In order for changes to take place, like the things Kondabolu has in mind for the Nahasapeemapetilons, The Simpsons needs to have new blood in the showrunning department. And that new person needs to hire more writers of color. It's as simple as that. (Rashida Jones and her regular writing partner Will McCormack, who, together, walked away from a writing gig for Toy Story 4 after what they described as "creative and, more importantly, philosophical differences," best summed up the current state of the world of writing for animation when they put Pixar and its work environment on blast, possibly for refusing to listen to the Angie Tribeca star's input on the Toy Story 4 screenplay, in a press statement yesterday.
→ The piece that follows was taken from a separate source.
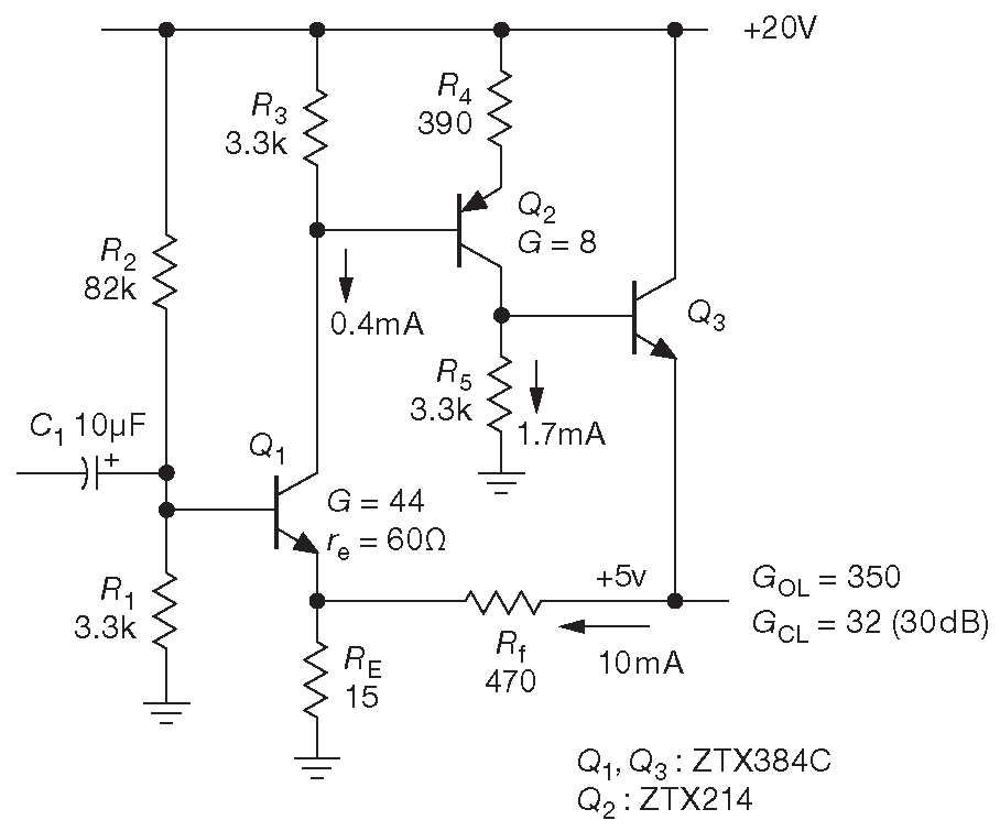 - вычисляем \(R_{load}=R_4·g_{m3}·R_3\) ≈ 1.3MΩ . Значит, усиление без обратной связи на низкой частоте находится в диапазоне 1000...3000 для токов коллектора \(Q_1\) 20...60 μA ( для напряжений на батарее 6...9V соответственно );

The duo said, "Women and people of color do not have an equal creative voice.")

And who should one of those new writers of color for The Simpsons be? It ought to be Kondabolu. The man who famously wanted to kick the shit out of Hank Azaria for doing an impression of a white guy making fun of his father would now get to boss Azaria around and tell him what to say. And it definitely won't be "Thank you, come again!"
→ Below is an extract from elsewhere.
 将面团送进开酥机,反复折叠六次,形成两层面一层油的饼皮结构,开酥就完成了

An animated graphic from The Problem with Apu

The Problem with Apu currently airs on truTV and its mobile app. Next time here on a.k.a. DJ AFOS, I finally walk away from this blog after 10 years of typing out a bunch of shit nobody ever fully reads. I explicitly said right from the start of a 2009 blog post that I interviewed Gerald Fried on the radio in 1999, and yet this motherfucker says the interview took place in 2009. Again, nobody ever fully reads my shit.